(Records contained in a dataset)
=-=-=

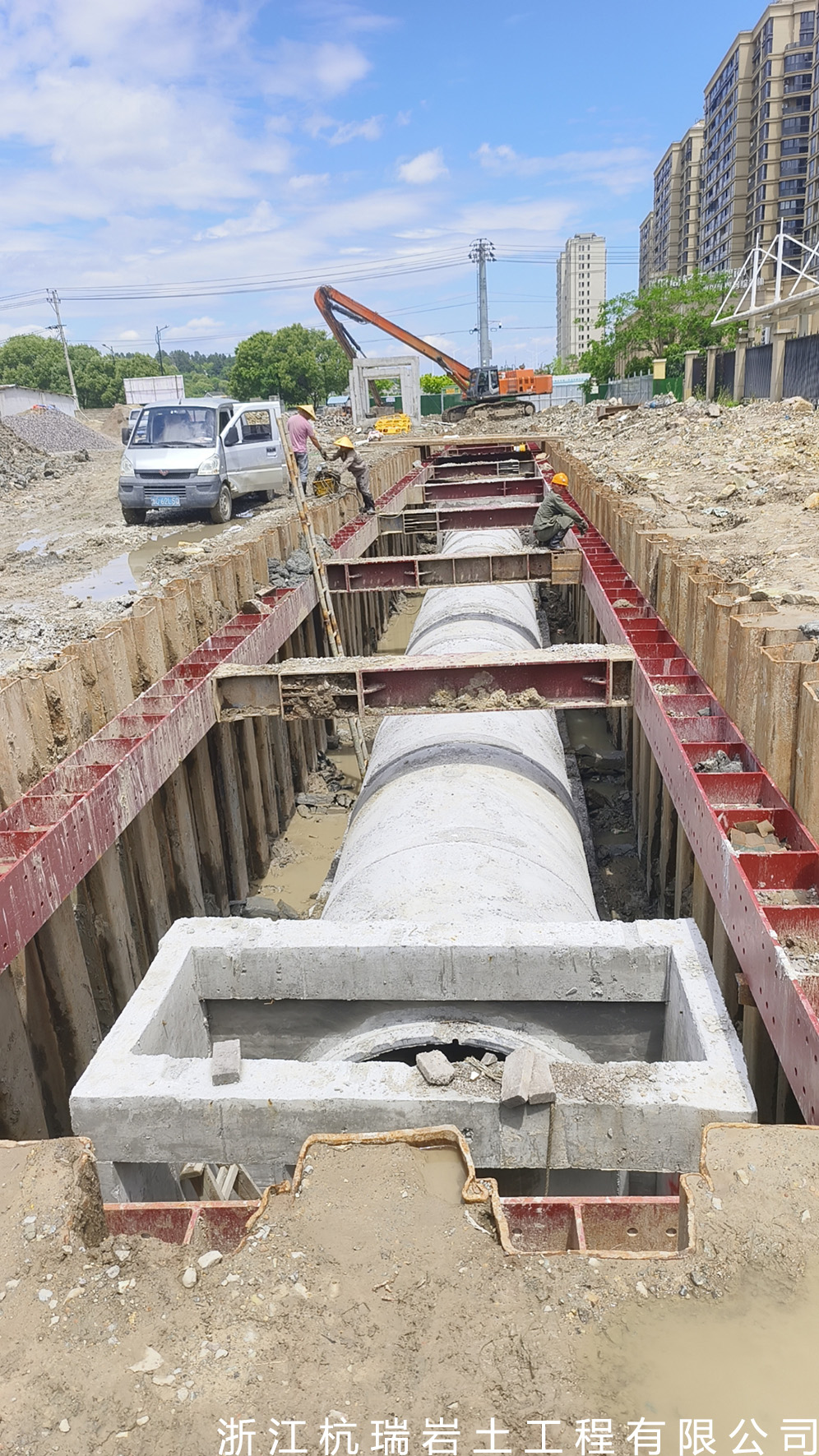 浙江杭瑞巖土工程有限公司, 成立于2016年,本公司是一家從事巖土設計、巖土監測的深基坑圍護的公司。公司主要承接打拔Pc工法樁,Pc鋼管樁,Pc工法組合樁,板樁,打拔管樁,鋼便橋搭設以及圓管樁、拉森樁、貝雷架、型鋼、鐵板及路基板的租賃。公司有12米、14米、16米、18米等型號長度圓管樁30000余噸,有9米、12米、15米、18米等拉森鋼板樁10000余噸,450、470打樁機多臺。曾參與溫州地鐵S1線基坑圍護、甌江口大
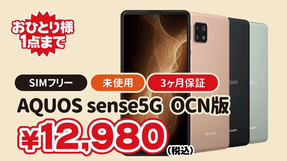 4週目のAndroidスマホ枠では、AQUOS Sense5Gがノミネート。
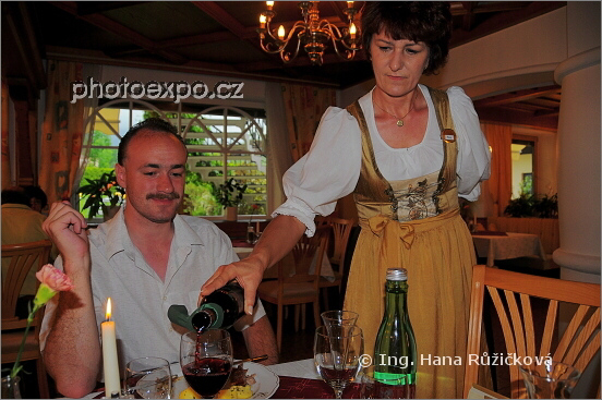 Servis u večeře v hotelu Caroline**** byl opravdu profesionální. Obsluha navíc chodila v typických místních krojích, jiných při snídani, jiných při večeři. Tato dáma ač již mnoho let v Rakousku, je rodilá Chorvatka a na nás Čechy reagovala velmi pozitivně :=) Chvala... Pertisau, Rakousko.
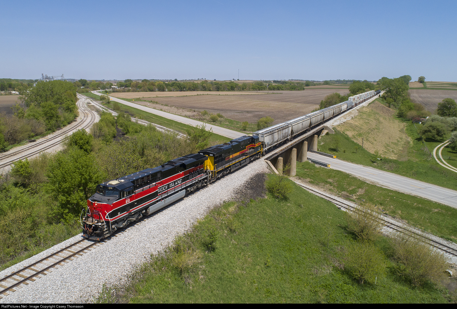 | Iowa Interstate's "Rock Island" heritage unit leads the daily Blue Island to Council Bluffs train through Hancock, Iowa. |
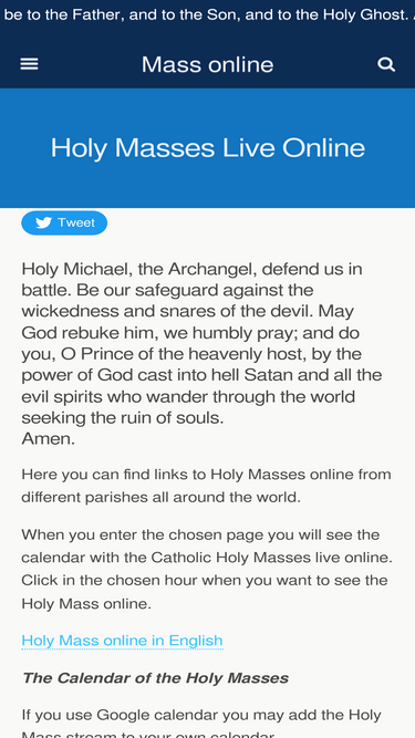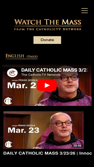 100%Watch Catholic Masses from the CatholicTV studio chapel on demand. English Mass Sunday-Friday, Spanish Mass Sunday.
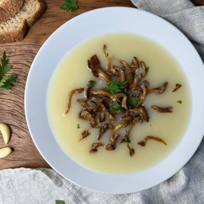 Creme de Batata com Shimeji, feito com batata inglesa, shimeji salteado, uma delícia s2s2
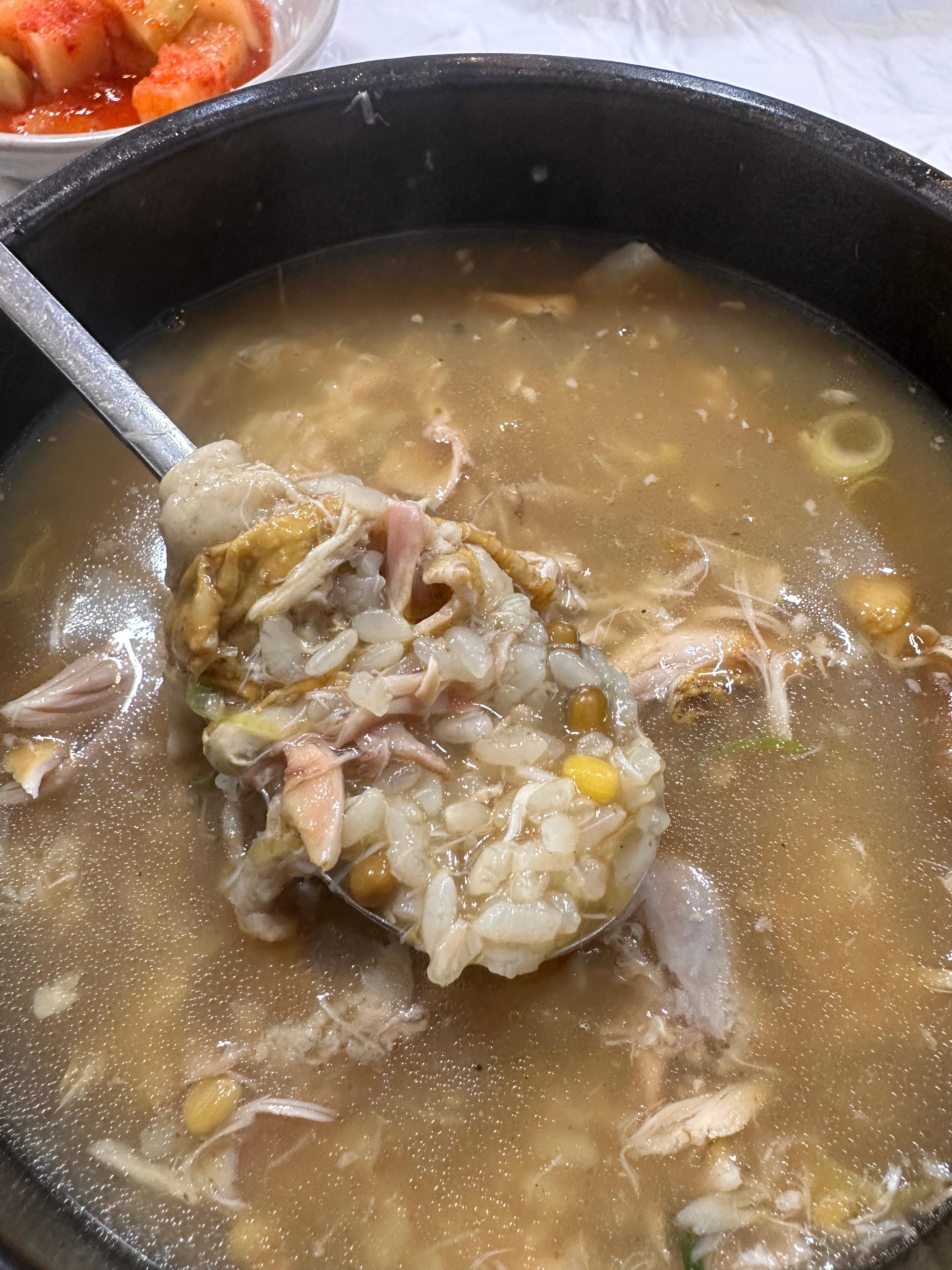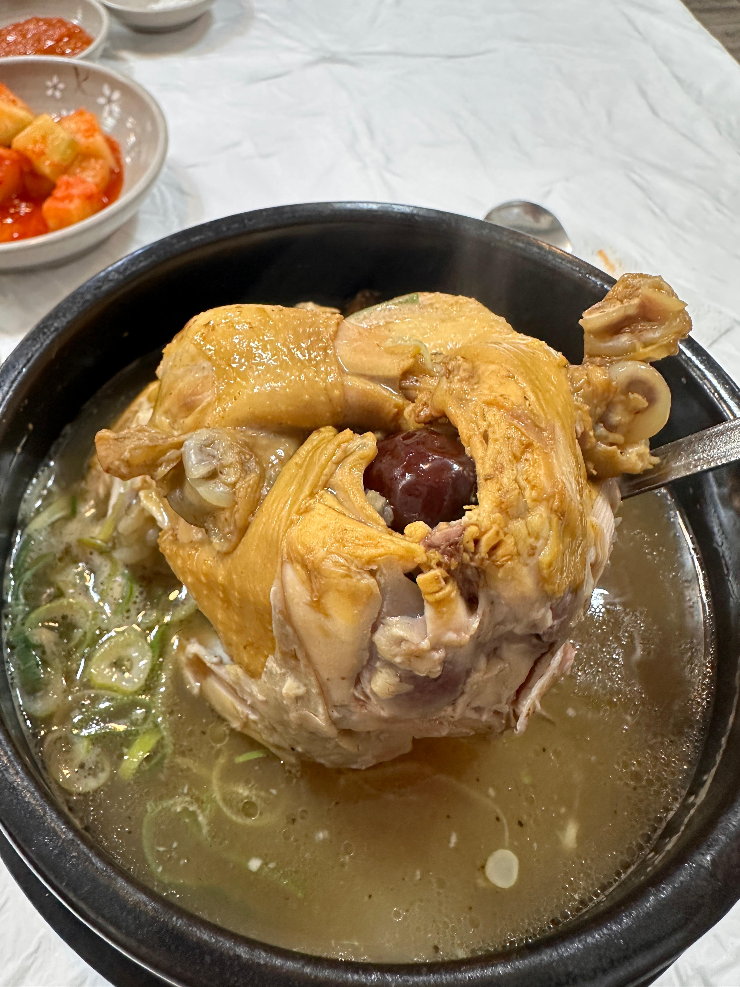 닭고기도 훌륭했습니다. 부드럽게 잘 삶아져서 별다른 힘을 들이지 않고도 쉽게 발라 먹을 수 있었고, 살코기는 촉촉하고 담백했습니다. 속을 가득 채운 찹쌀밥에는 대추, 밤, 인삼 조각이 함께 들어 있어 삼계탕의 본질적인 맛을 풍성하게 해주었습니다.
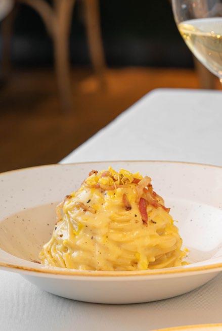 Entre sus pastas caseras destaca la Carbonara, la cual se mantiene fiel a la receta romana, con el uso del verdadero guanciale y yema curada; un plato que hace alarde de su simplicidad para resaltar la calidad de cada ingrediente. Sin embargo, platos como
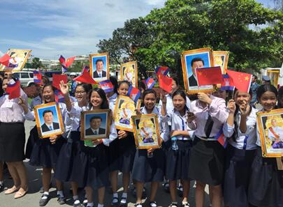 Cambodian people lined up to welcome Chinese President Xi Jinping's visit
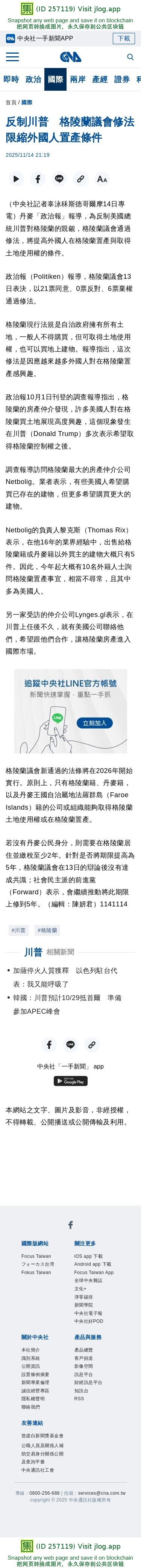 反制川普 格陵蘭議會修法限縮外國人置產條件 | 國際 | 中央社 CNA
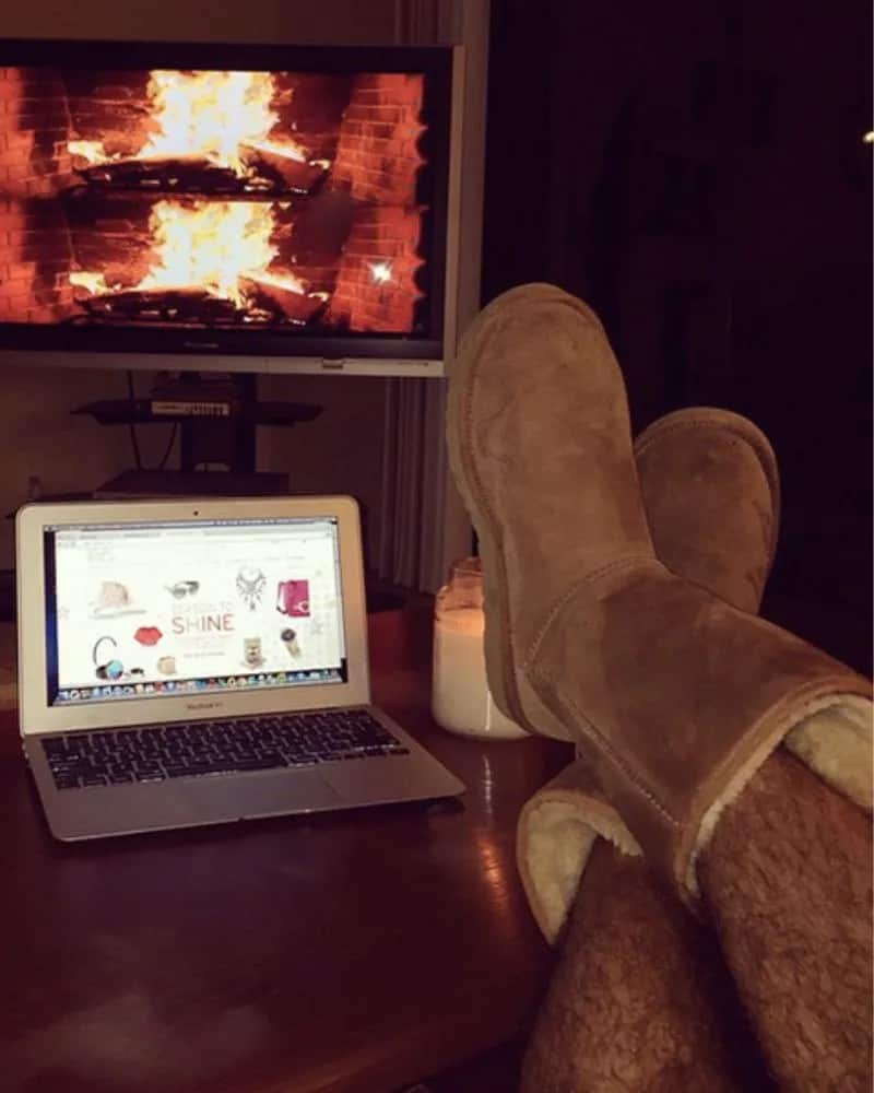 Even though it’s just a photo, the fireplace image manages to radiate a sense of warmth. The presence of UGGs, the glow of a laptop screen, and the inviting fireplace all contribute to creating this perfect snapshot that beckons you to linger a little longer.

=-=-=

• Exercise aim:
The entries are to be written out in full and exactly, apart from the pictures.

• Result for this task:
 浙江杭瑞巖土工程有限公司, 成立于2016年,本公司是一家從事巖土設計、巖土監測的深基坑圍護的公司。公司主要承接打拔Pc工法樁,Pc鋼管樁,Pc工法組合樁,板樁,打拔管樁,鋼便橋搭設以及圓管樁、拉森樁、貝雷架、型鋼、鐵板及路基板的租賃。公司有12米、14米、16米、18米等型號長度圓管樁30000余噸,有9米、12米、15米、18米等拉森鋼板樁10000余噸,450、470打樁機多臺。曾參與溫州地鐵S1線基坑圍護、甌江口大
 4週目のAndroidスマホ枠では、AQUOS Sense5Gがノミネート。
 Servis u večeře v hotelu Caroline**** byl opravdu profesionální. Obsluha navíc chodila v typických místních krojích, jiných při snídani, jiných při večeři. Tato dáma ač již mnoho let v Rakousku, je rodilá Chorvatka a na nás Čechy reagovala velmi pozitivně :=) Chvala... Pertisau, Rakousko.
 | Iowa Interstate's "Rock Island" heritage unit leads the daily Blue Island to Council Bluffs train through Hancock, Iowa. |
 100%Watch Catholic Masses from the CatholicTV studio chapel on demand. English Mass Sunday-Friday, Spanish Mass Sunday.
 Creme de Batata com Shimeji, feito com batata inglesa, shimeji salteado, uma delícia s2s2
 닭고기도 훌륭했습니다. 부드럽게 잘 삶아져서 별다른 힘을 들이지 않고도 쉽게 발라 먹을 수 있었고, 살코기는 촉촉하고 담백했습니다. 속을 가득 채운 찹쌀밥에는 대추, 밤, 인삼 조각이 함께 들어 있어 삼계탕의 본질적인 맛을 풍성하게 해주었습니다.
 Entre sus pastas caseras destaca la Carbonara, la cual se mantiene fiel a la receta romana, con el uso del verdadero guanciale y yema curada; un plato que hace alarde de su simplicidad para resaltar la calidad de cada ingrediente. Sin embargo, platos como
 Cambodian people lined up to welcome Chinese President Xi Jinping's visit
 反制川普 格陵蘭議會修法限縮外國人置產條件 | 國際 | 中央社 CNA
 Even though it’s just a photo, the fireplace image manages to radiate a sense of warmth. The presence of UGGs, the glow of a laptop screen, and the inviting fireplace all contribute to creating this perfect snapshot that beckons you to linger a little longer.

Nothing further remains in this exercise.